Shipments in 2007 of touch screen-based mobile devices increased 91 percent over 2006, and ABI Research forecasts that revenue from the global touch screen market for mobile phones and other handheld devices such as MIDs, UMPCs, and PNDs will reach $5 billion in 2009.

"Nearly all mobile handset manufacturers are getting into touch screens to a greater or lesser extent," says research director Kevin Burden. "The acceptance of touch screens to date has varied by geographic region, which has been a significant factor in determining the success of individual handset vendors."

Samsung and Motorola have been the most successful, commanding 33 percent and 30 percent shares of the touch screen mobile phone market respectively.

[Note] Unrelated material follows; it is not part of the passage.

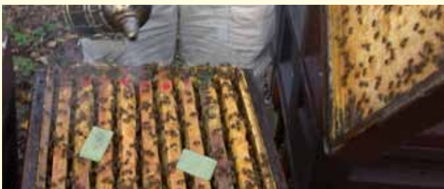
Die Behandlung mit Thymol dauert 6 Wochen. Die Dosierung erfolgt nach dem Prinzip »1+1«. Nach zwei Wochen die zweite Dosis zur ersten geben!

In Ausnahmefällen bei ungünstigen Standortbedingungen kann im Rahmen des Therapienotstandes Ameisensäure 85% in DAB-Qualität eingesetzt werden (Rezept des Tierarztes erforderlich, Bezug über Apotheken, siehe www.bienenkunde.uni-hohenheim.de ).

Samsung and Motorola lead the market for touch screen phones primarily because of their scale and significant presence in the Asian markets. Because it's difficult to represent even a fraction of the common Asian characters on a QWERTY-style keyboard, touch screen devices on which characters can be written with a stylus are immensely popular.

The Asia-Pacific market consumed more than 80 percent of the world's total touch screen-based mobile phone production over the past year. At 24 percent Sony Ericsson has the third-largest market share, while all the other handset vendors -- including Apple -- are essentially niche players.

A number of factors are driving further adoption of touch screen-based mobile devices. Consumers are looking for more intuitive user interfaces and personalization options as device functionality increases.

Also, prices for touch components and panels continue to decrease and are falling on an average of nearly 10 percent per year.